When doing odr, we end up with one struct aaa, and no decls:
...
$ dwz --odr odr-struct
$ readelf -wi odr-struct \
    | egrep -A2 "DW_TAG_structure" \
    | egrep "DW_TAG|DW_AT_name|DW_AT_decl"
 <1><19>: Abbrev Number: 25 (DW_TAG_structure_type)
    <1a>   DW_AT_name        : ccc
 <1><2f>: Abbrev Number: 25 (DW_TAG_structure_type)
    <30>   DW_AT_name        : aaa
 <1><4b>: Abbrev Number: 25 (DW_TAG_structure_type)
    <4c>   DW_AT_name        : bbb
...

Now consider using the same file for multifile optimization, combined with
odr:
...
$ cp odr-struct 1; cp 1 2; dwz -m 3 1 2 --odr
...
The desired outcome is that the structs aaa are unified (same as above) in
both 1 and 2, and then moved to multifile 3.

The multifile looks good:
...
$ readelf -wi 3 \
    | egrep -A2 "DW_TAG_structure" \
    | egrep "DW_TAG|DW_AT_name|DW_AT_decl"
 <1><14>: Abbrev Number: 15 (DW_TAG_structure_type)
    <15>   DW_AT_name        : ccc
 <1><2a>: Abbrev Number: 15 (DW_TAG_structure_type)
    <2b>   DW_AT_name        : aaa
 <1><46>: Abbrev Number: 15 (DW_TAG_structure_type)
    <47>   DW_AT_name        : bbb
...
but some struct types are left in 1:
...
$ readelf -wi 1 \
    | egrep -A2 "DW_TAG_structure" \
    | egrep "DW_TAG|DW_AT_name|DW_AT_decl"
 <1><1e>: Abbrev Number: 12 (DW_TAG_structure_type)
    <1f>   DW_AT_name        : aaa
 <1><3d>: Abbrev Number: 12 (DW_TAG_structure_type)
    <3e>   DW_AT_name        : bbb
...

The problem is that the DW_AT_decl_file is different for struct bbb in 1 and
3, and that causes the struct types to linger in 1.

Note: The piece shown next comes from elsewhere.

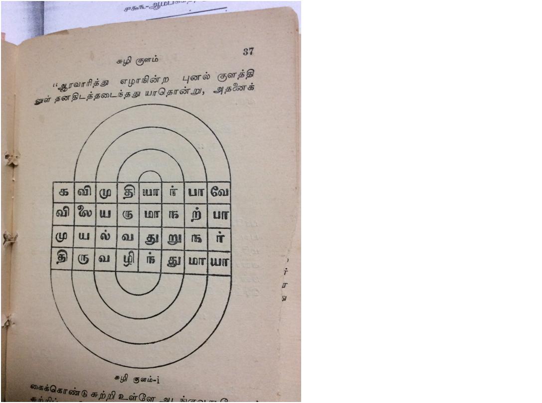 கிடைமட்டமாக செய்யுளின் நான்கு அடிகளும் வருவதை முதலில் காணலாம். பின்னர் எட்டு செங்குத்தான வரிசைகளில் மேலிருந்து கீழாக முதல் வரிசையிலும் அடுத்து கீழிருந்து மேலாக எட்டாம் வரிசையிலும் இப்படி மாறி மாறி 2,7,3,6,4,5 ஆகிய வரிசைகளில் செய்யுள் அமைவதைக் கண்டு இன்புறலாம்.

The problem can already be shown without multifile mode using:
....
$ dwz odr-struct --odr
$ llvm-dwarfdump odr-struct \
    | grep -A3 struct \
    | egrep -v "^--|DW_AT_byte_size" \
    | sed 's%/.*/%%'
0x00000019:   DW_TAG_structure_type
                DW_AT_name      ("ccc")
                DW_AT_decl_file ("odr.cc")
0x0000002f:   DW_TAG_structure_type
                DW_AT_name      ("aaa")
                DW_AT_decl_file ("odr.h")
0x0000004b:   DW_TAG_structure_type
                DW_AT_name      ("bbb")
                DW_AT_decl_file ("odr.cc")
...
The DW_AT_decl_file for struct bbb should be odr-2.cc.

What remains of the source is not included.